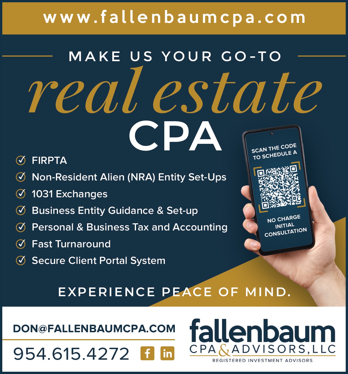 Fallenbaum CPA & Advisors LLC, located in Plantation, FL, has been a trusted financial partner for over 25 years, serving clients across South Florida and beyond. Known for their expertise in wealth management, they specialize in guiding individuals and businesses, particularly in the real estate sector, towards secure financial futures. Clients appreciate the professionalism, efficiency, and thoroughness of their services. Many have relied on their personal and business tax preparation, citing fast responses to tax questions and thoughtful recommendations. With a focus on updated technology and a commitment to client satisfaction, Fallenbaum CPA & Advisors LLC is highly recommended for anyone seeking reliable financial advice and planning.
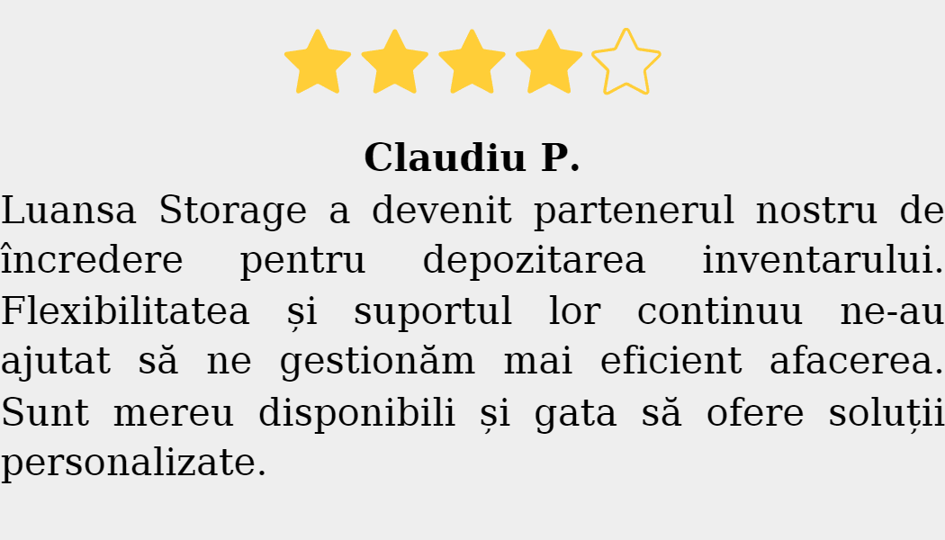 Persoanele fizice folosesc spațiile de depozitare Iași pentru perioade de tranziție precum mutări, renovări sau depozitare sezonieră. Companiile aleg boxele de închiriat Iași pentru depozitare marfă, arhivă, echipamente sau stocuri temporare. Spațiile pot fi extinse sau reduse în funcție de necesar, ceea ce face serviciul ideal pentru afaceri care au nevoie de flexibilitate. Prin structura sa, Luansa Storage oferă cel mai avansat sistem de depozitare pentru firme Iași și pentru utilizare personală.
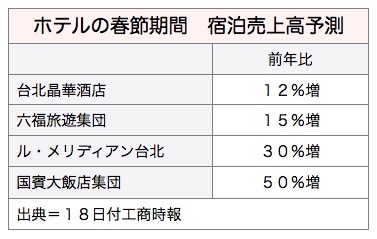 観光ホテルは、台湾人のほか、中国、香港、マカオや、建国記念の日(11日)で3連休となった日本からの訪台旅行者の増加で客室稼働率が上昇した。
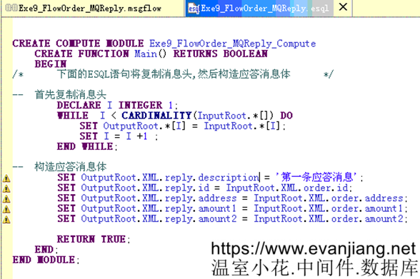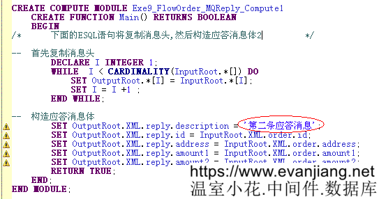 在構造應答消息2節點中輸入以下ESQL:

************

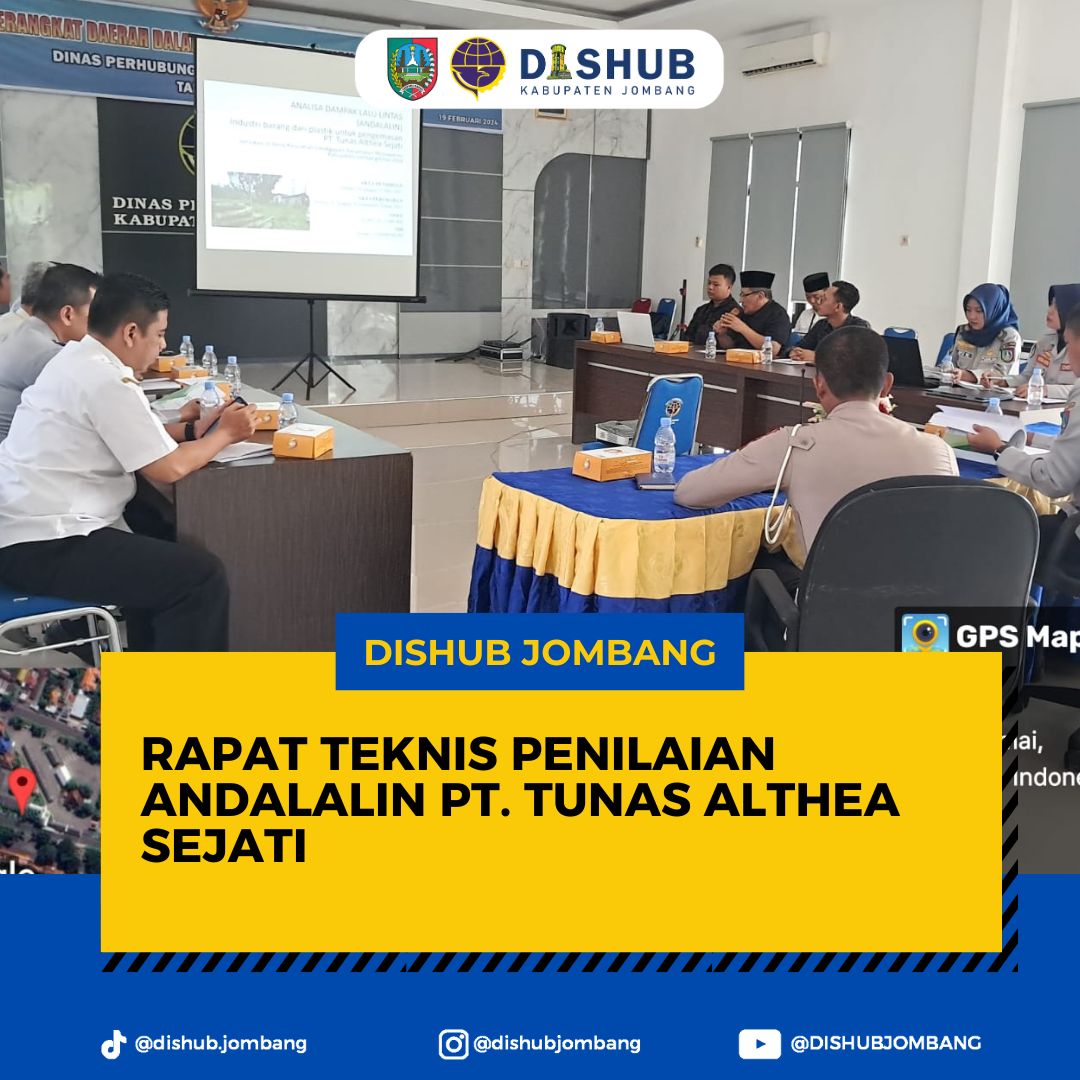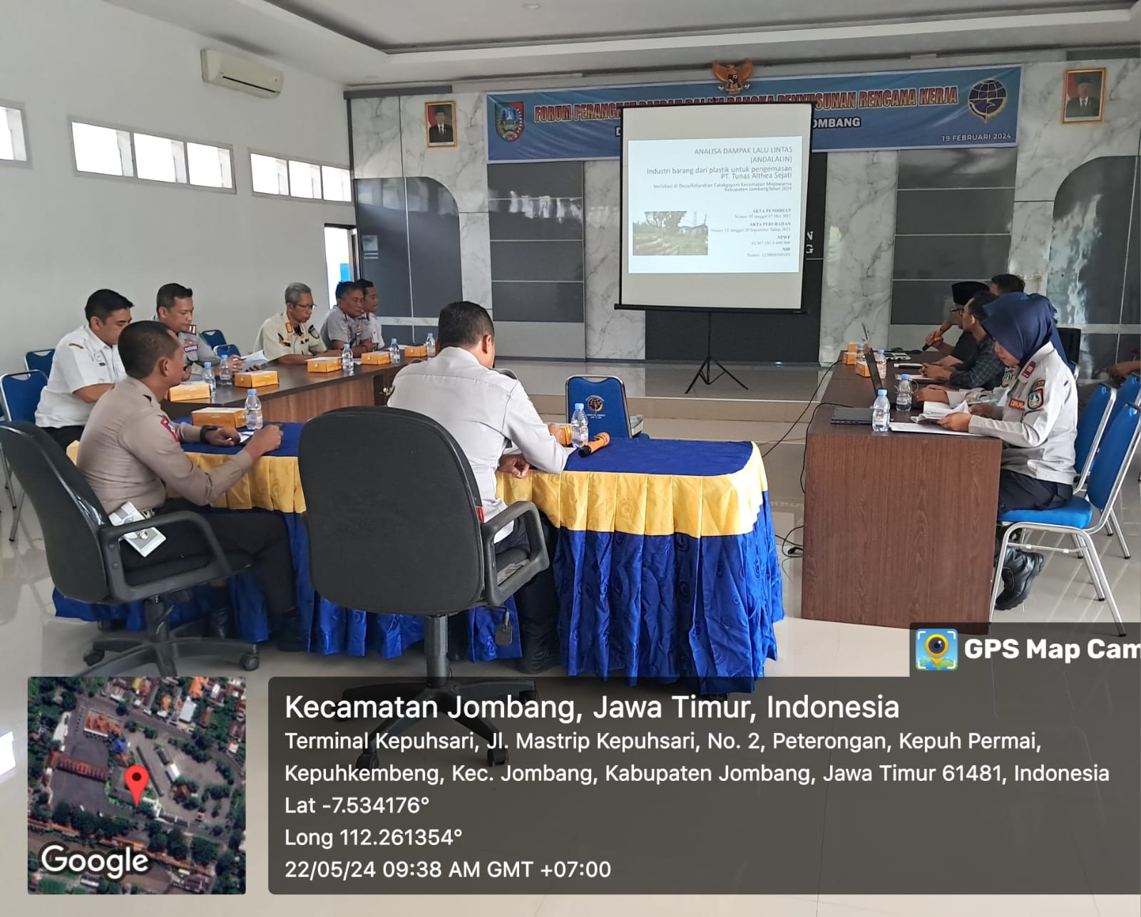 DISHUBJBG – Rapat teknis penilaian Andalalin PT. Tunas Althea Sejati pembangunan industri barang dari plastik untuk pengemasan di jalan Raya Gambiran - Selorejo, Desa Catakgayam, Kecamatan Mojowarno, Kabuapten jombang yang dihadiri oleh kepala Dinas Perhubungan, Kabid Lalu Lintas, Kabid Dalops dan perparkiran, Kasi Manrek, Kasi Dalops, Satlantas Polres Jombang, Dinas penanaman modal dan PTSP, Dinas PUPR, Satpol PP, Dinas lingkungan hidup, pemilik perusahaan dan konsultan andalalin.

************

About this task -> With the pictures omitted, copy the entries above exactly from the line containing "Fallenbaum CPA & Advisors LLC, located" through the line containing "Persoanele fizice folosesc", both lines included.

Response to this exercise ->
 Fallenbaum CPA & Advisors LLC, located in Plantation, FL, has been a trusted financial partner for over 25 years, serving clients across South Florida and beyond. Known for their expertise in wealth management, they specialize in guiding individuals and businesses, particularly in the real estate sector, towards secure financial futures. Clients appreciate the professionalism, efficiency, and thoroughness of their services. Many have relied on their personal and business tax preparation, citing fast responses to tax questions and thoughtful recommendations. With a focus on updated technology and a commitment to client satisfaction, Fallenbaum CPA & Advisors LLC is highly recommended for anyone seeking reliable financial advice and planning.
 Persoanele fizice folosesc spațiile de depozitare Iași pentru perioade de tranziție precum mutări, renovări sau depozitare sezonieră. Companiile aleg boxele de închiriat Iași pentru depozitare marfă, arhivă, echipamente sau stocuri temporare. Spațiile pot fi extinse sau reduse în funcție de necesar, ceea ce face serviciul ideal pentru afaceri care au nevoie de flexibilitate. Prin structura sa, Luansa Storage oferă cel mai avansat sistem de depozitare pentru firme Iași și pentru utilizare personală.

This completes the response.